- Data records -
^^^^

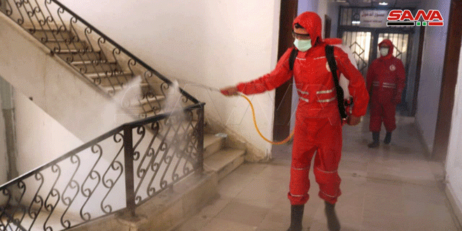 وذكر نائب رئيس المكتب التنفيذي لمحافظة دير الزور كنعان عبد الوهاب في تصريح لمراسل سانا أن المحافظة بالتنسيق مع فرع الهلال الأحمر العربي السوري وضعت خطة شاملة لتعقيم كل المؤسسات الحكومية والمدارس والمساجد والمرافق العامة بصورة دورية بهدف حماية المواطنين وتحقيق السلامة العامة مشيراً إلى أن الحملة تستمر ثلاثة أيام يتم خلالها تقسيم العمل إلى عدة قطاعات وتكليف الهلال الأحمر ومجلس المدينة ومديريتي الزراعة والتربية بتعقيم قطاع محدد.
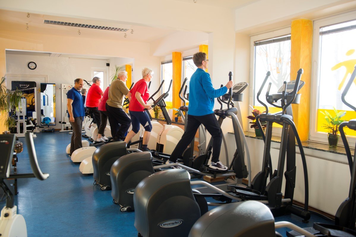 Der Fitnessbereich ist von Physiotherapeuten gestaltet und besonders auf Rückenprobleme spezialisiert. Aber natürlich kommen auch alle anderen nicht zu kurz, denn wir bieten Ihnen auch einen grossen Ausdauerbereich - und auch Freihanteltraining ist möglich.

^^^^

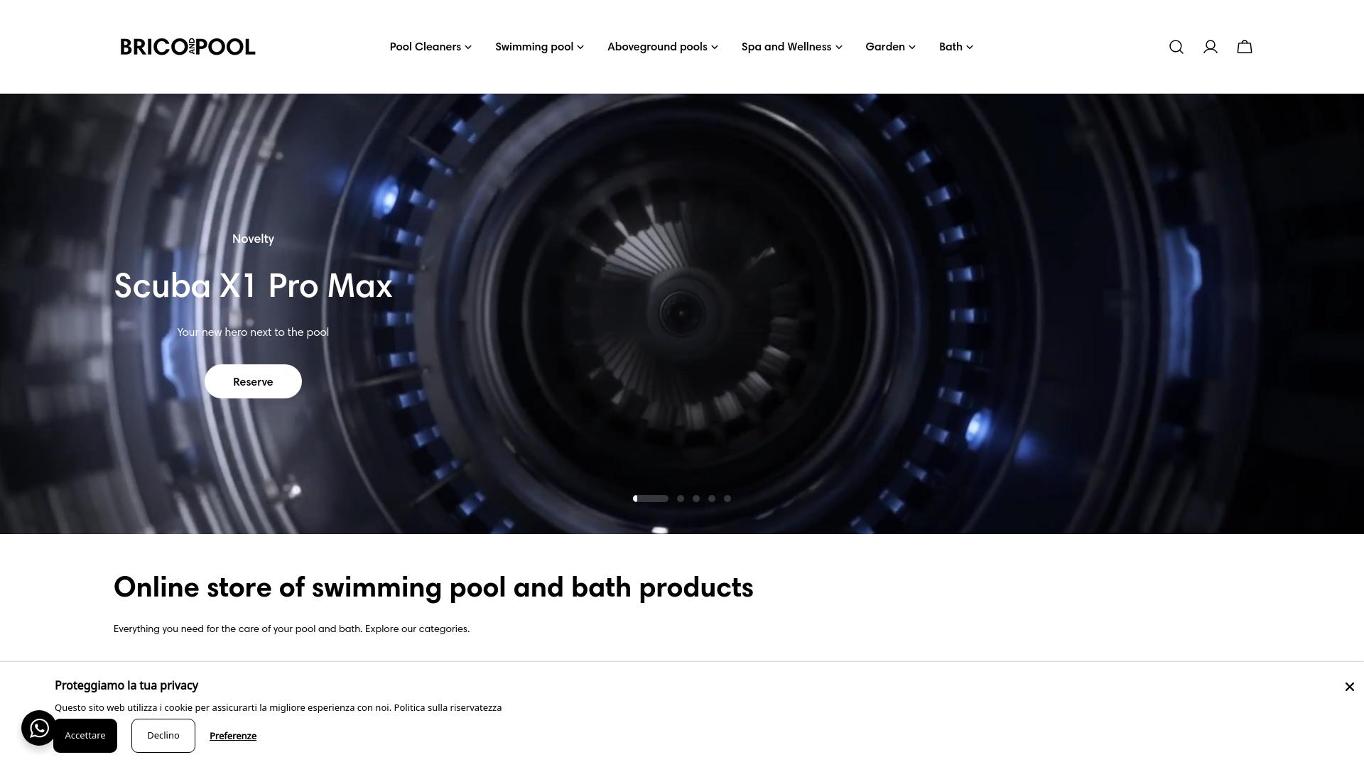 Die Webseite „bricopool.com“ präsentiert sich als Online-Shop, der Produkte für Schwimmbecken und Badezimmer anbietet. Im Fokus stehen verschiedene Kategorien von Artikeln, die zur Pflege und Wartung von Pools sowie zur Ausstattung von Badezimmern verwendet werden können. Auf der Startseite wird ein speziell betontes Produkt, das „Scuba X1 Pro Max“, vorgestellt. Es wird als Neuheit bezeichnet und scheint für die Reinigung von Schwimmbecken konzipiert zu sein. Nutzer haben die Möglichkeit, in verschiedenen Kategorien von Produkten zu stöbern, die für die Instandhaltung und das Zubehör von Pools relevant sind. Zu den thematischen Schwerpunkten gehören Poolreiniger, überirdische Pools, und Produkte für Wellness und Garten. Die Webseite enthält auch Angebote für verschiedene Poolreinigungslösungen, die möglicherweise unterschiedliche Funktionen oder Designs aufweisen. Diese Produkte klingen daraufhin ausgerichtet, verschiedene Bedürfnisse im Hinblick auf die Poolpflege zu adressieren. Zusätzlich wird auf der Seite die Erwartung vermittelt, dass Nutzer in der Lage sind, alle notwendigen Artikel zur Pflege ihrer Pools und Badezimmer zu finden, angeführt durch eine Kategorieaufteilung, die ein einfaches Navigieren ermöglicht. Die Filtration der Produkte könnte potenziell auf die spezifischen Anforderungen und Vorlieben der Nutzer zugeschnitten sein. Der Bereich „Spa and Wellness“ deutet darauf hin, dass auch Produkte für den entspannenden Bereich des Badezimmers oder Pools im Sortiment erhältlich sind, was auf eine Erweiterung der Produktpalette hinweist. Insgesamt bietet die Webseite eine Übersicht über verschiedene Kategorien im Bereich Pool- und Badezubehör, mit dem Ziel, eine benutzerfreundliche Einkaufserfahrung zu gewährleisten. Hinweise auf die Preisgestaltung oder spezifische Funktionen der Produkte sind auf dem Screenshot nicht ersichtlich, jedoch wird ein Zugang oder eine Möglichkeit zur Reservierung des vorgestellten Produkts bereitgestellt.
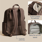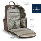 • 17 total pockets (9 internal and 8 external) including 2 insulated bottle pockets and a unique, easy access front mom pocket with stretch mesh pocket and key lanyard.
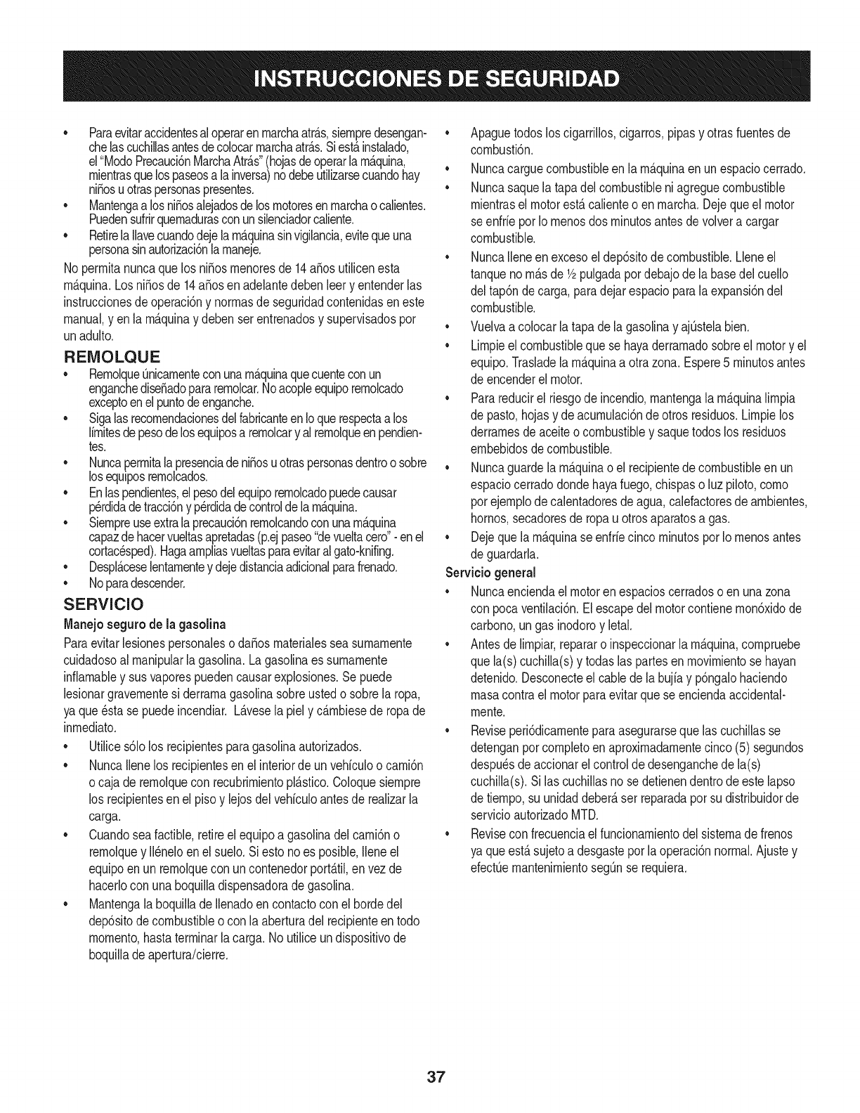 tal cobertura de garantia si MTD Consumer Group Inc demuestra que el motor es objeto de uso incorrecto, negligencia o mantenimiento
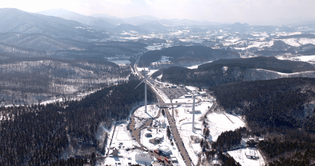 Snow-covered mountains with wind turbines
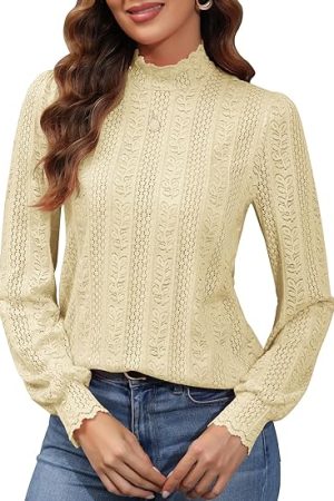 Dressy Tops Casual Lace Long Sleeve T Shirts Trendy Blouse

^^^^

- Work item -
In the records above, copy exactly everything from the line that has "and key lanyard." down to the line that has "Dressy Tops Casual", both ends included, and leave out the pictures.

- Result of this task -
 • 17 total pockets (9 internal and 8 external) including 2 insulated bottle pockets and a unique, easy access front mom pocket with stretch mesh pocket and key lanyard.
 tal cobertura de garantia si MTD Consumer Group Inc demuestra que el motor es objeto de uso incorrecto, negligencia o mantenimiento
 Snow-covered mountains with wind turbines
 Dressy Tops Casual Lace Long Sleeve T Shirts Trendy Blouse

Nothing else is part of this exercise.